PCR were performed using 2 &mgr;L of the cDNA as a template in a final volume of 50 &mgr;L. The standard program used was as follows: denaturation for 2 min at 94°C, 35 cycles of 30 s at 94°C, 1 min at 55°C or 60°C, and 1 min at 72°C, followed by a final elongation for 7 min at 72°C. 0.2 unit of Taq (Invitrogen Life Technologies, UK) was used for one PCR. H2O was used as a negative control and plasmids containing the specific genes were used as a positive control in the PCR step. After electrophoresis in a 1.2% agarose gel containing Ethidium Bromide, PCR products were quantified using the Gene Tool software (Syngene, UK). The primers used and annealing temperatures are described in Table 2.
Gene name | Forward | Reverse | Annealing temp (°C) | Length (bp) |
β-actin | GGCGACGAGGCCCAGAGCAAGAGAGGCAT | CGATTTCCCGCTCGGCCGTGGTGGTGAAGC | 55 | 460 |
IL-4 | AACACAACTGAGAAGGAAACCTTC | GCTCGAACACTTTGAATATTTCTC | 55 | 276 |
IL-8 | ATGACTTCCAAGCTGGCCGTGGCT | TCTCAGCCCTCTTCAAAAACTTCTC | 55 | 289 |
IL-10 | ATGCCCCAAGCTGAGAACCAAGACCCA | TCTCAAGGGGCTGGGTCAGCTATCCCA | 55 | 352 |
TGF-β | TGACAGCAGGGATAACACACT | GTAGGGGCAGGGCCCGAGGCA | 55 | 288 |
TLR1 | CTATACACCAAGTTGTCAGC | GTCTCCAACTCAGTAAGGTG | 55 | 219 |
TLR2 | GCCAAAGTCTTGATTGATTGG | TTGAAGTTCTCCAGCTCCTG | 55 | 346 |
TLR3 | GATCTGTCTCATAATGGCTTG | GACAGATTCCGAATGCTTGTG | 55 | 304 |
TLR4 | CTTTATCCAACCAGGTGC | GGAATGCTGGAAATCCAG | 50 | 650 |
TLR5 | TAGCTCCTAATCTGATG | CCATGTGAAGTCTTTGCTGC | 50 | 437 |
TLR9 | GTCCCCACTTCTCCATG | GGCACAGTCATGATGTTGTTG | 55 | 259 |
TNF-α | CAGAGGGAAGAGTTCCCCAG | CCTTGGTCTGGTAGGAGACG | 55 | 324 |
Tollip | CGCGGTACCGCCACCATGGCGACCACCGTCAGC | GCCGGGCCCTGGCTCCTCCCCCATCTG | 60 | 850 |
TRAF6 | GTCGGTACCGCCACCATGAGTCTGCTAAACTGTGAA | CGCGGGCCCCTATACCCCTGCATCAGTAC | 60 | 1600 |
In this study, the expression of TLR1, TLR2, TLR3, TLR4, TLR5, TLR9, Tumor necrosis factor (TNF) receptor associated factor 6 (TRAF6) and Toll inhibitory protein (Tollip) were measured using RT-PCR. Cytokine gene expression of IL-8, IL-4, IL-10, TGF-β and TNF-α were also detected using this method.
For the tests in this part, we chose only four strains of LAB [E. faecalis (EC1, EC3, EC15, EC16)] to infect HCT116 cells with a MOI of 1000. The cells were co-cultured with bacteria at 37°C with 5% CO2 for 6 h. The supernatants were then harvested for cytokines assay. Unless indicated otherwise all enzymes and chemicals were from Sigma, USA.

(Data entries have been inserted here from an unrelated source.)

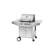 Muvip Barbacoa Gas Inox 4 Fuegos - Estructura De Acero Inoxidable - 3 Fuegos Centrales + 1 Fuego Lateral - 2 Rejillas Esmaltadas - Bandeja Lateral - Asa Tacto Frio - Ruedas De Transporte - Color Plateado
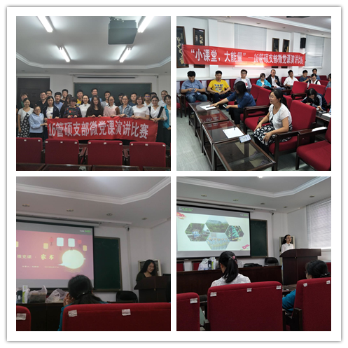 2017年9月27日下午,由MG冰球突破官网网站党委举办、16管硕支部承办的“小课堂,大能量”微党课演讲比赛在MG冰球突破官网网站301会议室顺利开展。MG冰球突破官网网站党委委员郭冬梅老师、学生办公室张路老师、16管硕支部书记王慧老师担任评委。学院党委副书记赵静参加并颁奖。
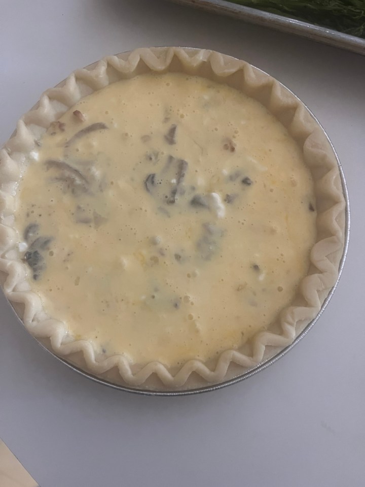 bacon, mushroom, and onion quiche,
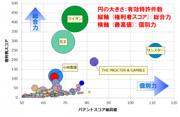 総合力1位のライオンは、「刺激が緩和され、使用感と共に歯垢の付着抑制に優れた口腔用組成物」に関する技術や、「口腔内での滞留性、使用時の泡立ち、保存安定性をそれぞれ向上させた歯磨剤組成物」に関する技術などが、注目度の高い特許として挙げられます。

Cell wall component and crude cell extract preparation: Before sonication, a protease inhibitor (2 mmol/L phenylmethylsulfonylfluoride (PMSF), 1 mmol/L dithiothreitol (DTT) and 1 mmol/L sodium metavanadate) was added to bacterial suspensions. The bacterial cells were then disrupted by sonication (MSE Soniprep 150, SANYO, Japan) on ice for 10 cycles with 30 s pulses and 1 min rest[18]. Cell debris was pelleted down by centrifugation at 15 000 ×g for 60 min at 0°C. The bacterial culture supernatant was aseptically kept on ice for use. The remaining pellet was resuspended in an appropriate volume of complete DMEM. One mL of each supernatant and 1 mL of each cell debris suspension were added to the cell culture. Biologically triplicates were done on this experiment.

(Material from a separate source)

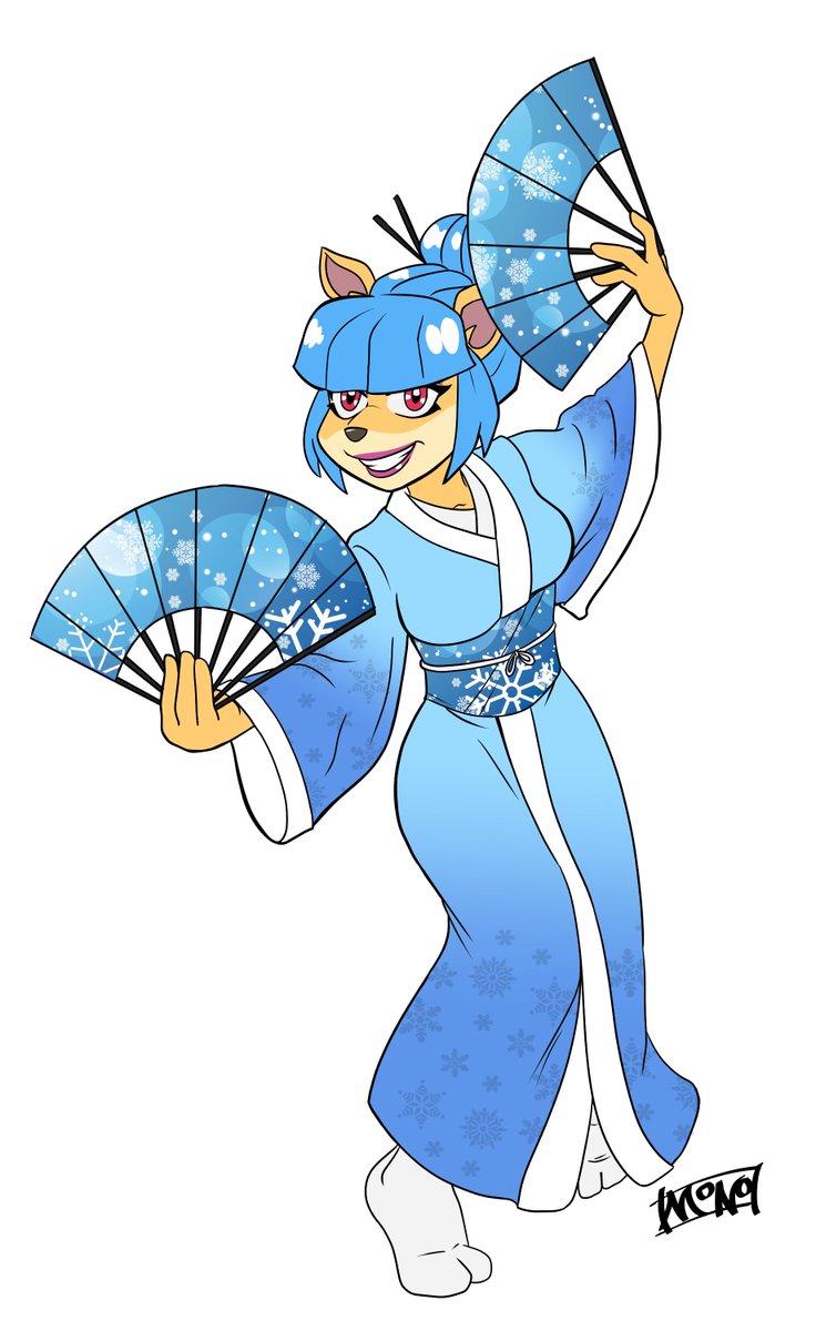INKtober - Day 7 - Fan #inktober2021 #inktober #FAN #CrashBandicoot #nitrosquad #MegumiBandicoot #yukata #kimonoちゃん

Conditional medium and cell inserts treatment: In order to test for the location of the active components, the cell culture supernatants obtained from “infection of intestinal cells” were harvested sterilely and were then added to the cell culture prepared as in section “infection of intestinal cells”. Supernatants were harvested for further cytokine assay testing. In addition, bacteria themselves were also cultured with the control supernatants obtained from the section “infection of intestinal cells”. All the treated cells were then incubated at 37°C with 5% CO2 for 6 h. The supernatants were then harvested for cytokines assay.
For the cell insert test, HCT116 cells were plated in wells of Transwell® (USA) multiple well plate and incubated at 37°C with 5% CO2 for 24 h. Accompanying inserts were added 1 h before co-culturing. 100 &mgr;L of bacterial suspensions with correct concentration were added to each insert.
Triplicates of each condition were done and supernatants were harvested for the cytokine assay test.
Carbohydrate oxidation and protein digestion of bacterial cell wall test: 4 mL of bacterial cells were pelleted by centrifugation at 15 000 g at 0°C for 10 min. The bacterial cells were washed once in PBS and then suspended in 1.5 mL of one of the following solutions: Solution 1 was 0.05 mol/L sodium m-periodate in buffer A (5 mol/L LiCl in water; 0.1 mol/L citrate-phosphate-0.1 mol/L NaCl) with a final pH 4.5. Solution 2 was 0.05 mol/L sodium iodate in buffer A (pH 4.5). Solution 3 was 5 mg/mL in buffer B (0.05 M Tris-HCl; 0.1 M NaCl) with a final pH 8.0. Solution 4 was 5 mg/mL chymotrypsin in buffer B (pH 8.0).
The bacterial cells were incubated with each of the four solutions (numbered from 1 to 4) for 1 h at 37°C. After that, the bacteria were centrifuged at 15 000 g at 0°C for 10 min, washed twice in 1 mL of PBS and resuspended in 4 mL of complete DMEM. 1 mL of each re-suspension was added to one well containing cell culture. Biological triplicates of each condition were done.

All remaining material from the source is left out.